All Day Mushrooms is a creamy mushroom preparation made with fresh mushrooms cooked in a rich, creamy sauce. It’s a versatile dish that can be served on toast, as a side for meats, or as a topping for baked potatoes.

History:
The exact origin of All Day Mushrooms is unclear, but creamy mushroom dishes have been a part of European and American cuisine for many years. Creamed mushrooms gained popularity in the mid-20th century and have remained a classic comfort food.

Components:
To make All Day Mushrooms, you will need the following components:

  • Fresh mushrooms (commonly white or cremini mushrooms)
  • Butter
  • All-purpose flour
  • Heavy cream or milk
  • Garlic (optional)
  • Seasonings (salt, pepper, and herbs like thyme or parsley)

Steps to Prepare:
Here’s a basic recipe for All Day Mushrooms:

  1. Clean the mushrooms and slice them thinly. If they are very large, you can also quarter them.

  2. In a skillet or pan, melt butter over medium heat. Add minced garlic if desired and cook for a minute until fragrant.

  3. Add the sliced mushrooms and sauté them until they release their moisture and become tender, usually about 5-7 minutes.

  4. Sprinkle flour over the mushrooms and stir to coat them evenly. Cook for another minute or two to remove the raw taste of the flour.

  5. Gradually pour in the heavy cream or milk, stirring continuously to create a creamy sauce. Cook until the sauce thickens and the mushrooms are well-coated, usually 3-5 minutes.

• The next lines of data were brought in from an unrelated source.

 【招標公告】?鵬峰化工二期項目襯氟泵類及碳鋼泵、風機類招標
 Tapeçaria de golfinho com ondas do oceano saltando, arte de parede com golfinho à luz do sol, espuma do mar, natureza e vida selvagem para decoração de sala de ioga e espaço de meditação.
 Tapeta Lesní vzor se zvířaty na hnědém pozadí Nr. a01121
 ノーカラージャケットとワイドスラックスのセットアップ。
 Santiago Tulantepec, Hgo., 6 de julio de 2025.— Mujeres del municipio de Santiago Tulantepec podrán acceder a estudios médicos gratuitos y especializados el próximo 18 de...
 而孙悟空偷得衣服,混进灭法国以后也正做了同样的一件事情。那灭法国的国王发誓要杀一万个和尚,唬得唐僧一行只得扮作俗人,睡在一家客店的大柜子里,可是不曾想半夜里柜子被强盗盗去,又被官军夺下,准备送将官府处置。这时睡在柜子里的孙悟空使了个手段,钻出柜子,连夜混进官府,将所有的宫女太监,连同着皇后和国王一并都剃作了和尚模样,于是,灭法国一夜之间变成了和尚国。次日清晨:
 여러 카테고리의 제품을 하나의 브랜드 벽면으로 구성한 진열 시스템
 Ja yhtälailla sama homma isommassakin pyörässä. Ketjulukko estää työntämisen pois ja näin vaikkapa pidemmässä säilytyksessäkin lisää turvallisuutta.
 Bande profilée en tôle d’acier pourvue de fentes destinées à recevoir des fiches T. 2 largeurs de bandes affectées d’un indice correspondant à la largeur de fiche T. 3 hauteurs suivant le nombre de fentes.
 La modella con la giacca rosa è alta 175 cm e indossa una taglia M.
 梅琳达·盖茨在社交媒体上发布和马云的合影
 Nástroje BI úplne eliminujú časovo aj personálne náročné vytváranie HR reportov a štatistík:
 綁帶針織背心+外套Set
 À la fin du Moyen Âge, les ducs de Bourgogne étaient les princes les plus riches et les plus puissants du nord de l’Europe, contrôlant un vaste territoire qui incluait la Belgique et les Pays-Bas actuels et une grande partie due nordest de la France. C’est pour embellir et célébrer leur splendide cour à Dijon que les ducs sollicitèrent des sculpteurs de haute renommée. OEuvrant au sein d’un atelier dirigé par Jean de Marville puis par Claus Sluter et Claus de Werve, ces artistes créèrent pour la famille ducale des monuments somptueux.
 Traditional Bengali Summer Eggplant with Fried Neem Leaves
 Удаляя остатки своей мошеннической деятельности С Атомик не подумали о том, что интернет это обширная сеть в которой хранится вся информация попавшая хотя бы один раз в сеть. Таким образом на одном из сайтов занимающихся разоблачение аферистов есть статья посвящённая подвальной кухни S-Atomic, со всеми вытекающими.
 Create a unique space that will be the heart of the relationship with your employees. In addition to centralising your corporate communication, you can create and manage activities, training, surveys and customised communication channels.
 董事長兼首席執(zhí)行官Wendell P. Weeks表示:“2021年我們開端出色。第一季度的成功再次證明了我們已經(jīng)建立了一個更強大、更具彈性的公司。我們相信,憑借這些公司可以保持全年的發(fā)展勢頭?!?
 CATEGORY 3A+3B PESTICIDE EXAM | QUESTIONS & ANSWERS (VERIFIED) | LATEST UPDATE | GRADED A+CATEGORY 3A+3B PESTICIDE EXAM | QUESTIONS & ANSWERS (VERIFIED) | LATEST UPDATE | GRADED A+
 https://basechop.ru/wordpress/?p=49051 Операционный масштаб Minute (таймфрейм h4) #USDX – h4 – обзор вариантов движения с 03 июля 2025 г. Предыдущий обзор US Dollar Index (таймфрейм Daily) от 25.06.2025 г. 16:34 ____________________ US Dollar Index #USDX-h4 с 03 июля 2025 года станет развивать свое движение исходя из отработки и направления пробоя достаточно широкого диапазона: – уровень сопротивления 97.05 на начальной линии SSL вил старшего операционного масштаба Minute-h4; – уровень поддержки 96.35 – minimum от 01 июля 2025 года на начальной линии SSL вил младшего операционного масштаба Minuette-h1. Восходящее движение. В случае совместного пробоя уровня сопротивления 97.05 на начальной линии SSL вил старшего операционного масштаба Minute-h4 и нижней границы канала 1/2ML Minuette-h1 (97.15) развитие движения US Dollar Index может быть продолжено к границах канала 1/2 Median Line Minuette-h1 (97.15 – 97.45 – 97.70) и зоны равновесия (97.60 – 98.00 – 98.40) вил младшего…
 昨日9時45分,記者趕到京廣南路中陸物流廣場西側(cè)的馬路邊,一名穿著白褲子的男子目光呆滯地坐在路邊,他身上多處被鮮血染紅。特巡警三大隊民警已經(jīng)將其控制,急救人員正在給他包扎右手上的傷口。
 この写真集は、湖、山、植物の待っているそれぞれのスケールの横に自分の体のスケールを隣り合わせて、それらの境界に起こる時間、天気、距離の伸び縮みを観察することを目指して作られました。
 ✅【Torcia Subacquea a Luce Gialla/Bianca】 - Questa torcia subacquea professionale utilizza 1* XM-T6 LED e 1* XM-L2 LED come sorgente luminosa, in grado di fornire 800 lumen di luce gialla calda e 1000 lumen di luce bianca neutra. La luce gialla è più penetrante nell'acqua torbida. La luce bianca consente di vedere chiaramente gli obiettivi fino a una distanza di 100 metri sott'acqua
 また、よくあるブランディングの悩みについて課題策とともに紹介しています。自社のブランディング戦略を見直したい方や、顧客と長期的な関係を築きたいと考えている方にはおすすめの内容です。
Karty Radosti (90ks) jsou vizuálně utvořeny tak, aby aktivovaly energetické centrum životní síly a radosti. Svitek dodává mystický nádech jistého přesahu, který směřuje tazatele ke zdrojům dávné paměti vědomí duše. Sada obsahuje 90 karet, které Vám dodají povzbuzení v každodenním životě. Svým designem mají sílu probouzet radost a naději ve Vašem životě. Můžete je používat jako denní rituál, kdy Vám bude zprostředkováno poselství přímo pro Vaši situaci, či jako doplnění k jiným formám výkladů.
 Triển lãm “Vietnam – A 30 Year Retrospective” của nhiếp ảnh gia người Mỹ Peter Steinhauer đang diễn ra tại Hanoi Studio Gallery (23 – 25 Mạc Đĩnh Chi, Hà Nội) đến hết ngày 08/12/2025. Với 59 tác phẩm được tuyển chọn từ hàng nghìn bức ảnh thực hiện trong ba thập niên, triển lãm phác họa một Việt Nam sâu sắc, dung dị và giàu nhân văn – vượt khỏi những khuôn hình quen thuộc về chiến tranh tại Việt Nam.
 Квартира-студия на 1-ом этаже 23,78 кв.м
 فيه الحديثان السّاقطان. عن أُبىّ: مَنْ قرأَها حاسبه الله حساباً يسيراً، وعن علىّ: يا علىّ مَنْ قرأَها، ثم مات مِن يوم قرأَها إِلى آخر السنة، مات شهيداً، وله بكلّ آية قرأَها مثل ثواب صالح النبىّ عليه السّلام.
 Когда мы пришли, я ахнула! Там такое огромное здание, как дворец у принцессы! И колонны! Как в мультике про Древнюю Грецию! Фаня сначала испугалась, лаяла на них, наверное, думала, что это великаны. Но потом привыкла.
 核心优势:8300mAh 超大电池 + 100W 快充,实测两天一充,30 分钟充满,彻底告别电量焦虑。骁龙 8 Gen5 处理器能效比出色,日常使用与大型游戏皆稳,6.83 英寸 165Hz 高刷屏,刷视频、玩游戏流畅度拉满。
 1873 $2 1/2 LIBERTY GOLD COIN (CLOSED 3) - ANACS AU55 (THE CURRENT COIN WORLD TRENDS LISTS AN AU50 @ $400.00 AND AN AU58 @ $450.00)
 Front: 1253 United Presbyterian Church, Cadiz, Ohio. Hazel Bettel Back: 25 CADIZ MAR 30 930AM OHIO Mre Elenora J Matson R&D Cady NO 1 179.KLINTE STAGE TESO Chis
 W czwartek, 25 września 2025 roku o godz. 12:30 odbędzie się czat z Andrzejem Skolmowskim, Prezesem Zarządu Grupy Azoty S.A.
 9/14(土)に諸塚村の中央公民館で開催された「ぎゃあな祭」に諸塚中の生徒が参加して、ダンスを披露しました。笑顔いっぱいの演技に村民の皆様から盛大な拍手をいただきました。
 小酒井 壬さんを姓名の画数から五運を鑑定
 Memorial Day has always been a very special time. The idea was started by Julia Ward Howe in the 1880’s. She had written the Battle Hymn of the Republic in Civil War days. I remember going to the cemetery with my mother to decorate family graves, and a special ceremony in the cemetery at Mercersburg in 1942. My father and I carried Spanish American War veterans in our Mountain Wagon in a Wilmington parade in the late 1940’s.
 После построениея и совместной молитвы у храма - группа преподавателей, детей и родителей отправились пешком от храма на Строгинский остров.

  6. Season with salt, pepper, and herbs of your choice. Taste and adjust the seasonings to your preference.

  7. Simmer the mixture for a few more minutes until it reaches your desired consistency. If it becomes too thick, you can add a bit more cream or milk.

  8. Serve the All Day Mushrooms hot as a side dish, over toast, or as a topping for other dishes.

Preparation Time:
The preparation time for All Day Mushrooms is approximately 20-30 minutes, depending on your cooking skills and the quantity you’re making. It’s a relatively quick and straightforward dish to prepare, making it a great choice for both weeknight dinners and special occasions.

Enjoy your All Day Mushrooms!

Certainly, here are the nutrition facts and some health information for All Day Mushrooms:

Nutrition Facts (Approximate values per serving):

  • Calories: Around 100-150 calories per serving (varies based on ingredients used and portion size)
  • Fat: Approximately 7-10 grams
  • Carbohydrates: About 5-8 grams
  • Protein: 3-5 grams
  • Fiber: 1-2 grams
  • Sodium: 150-300 milligrams (varies with seasoning)

Health Information:

  1. Low in Calories: All Day Mushrooms are relatively low in calories, making them a suitable option for those watching their calorie intake.

  2. Rich in Nutrients: Mushrooms are a good source of vitamins and minerals, including vitamin D (if exposed to sunlight), B-vitamins, selenium, and potassium.

  3. Fiber Content: Mushrooms contain a small amount of dietary fiber, which can help support digestive health.

  4. Protein: While not a significant source of protein, mushrooms do provide a modest amount, which can be beneficial for vegetarians and vegans.

  5. Low in Saturated Fat: All Day Mushrooms typically have low levels of saturated fat, which is a healthier option compared to dishes high in saturated fats.

  6. Potential Health Benefits: Mushrooms have been associated with potential health benefits, including immune system support, anti-inflammatory properties, and even potential cancer-fighting properties due to certain compounds like beta-glucans and antioxidants.

  7. Considerations: Be mindful of the other ingredients you use, such as butter and heavy cream, as they can add calories and saturated fat. You can make a healthier version by using substitutes like olive oil and low-fat milk or cream alternatives.

Remember that the exact nutrition content can vary depending on the specific recipe and portion size you prepare. It’s always a good practice to check the nutrition labels on individual ingredients if you have specific dietary concerns or requirements.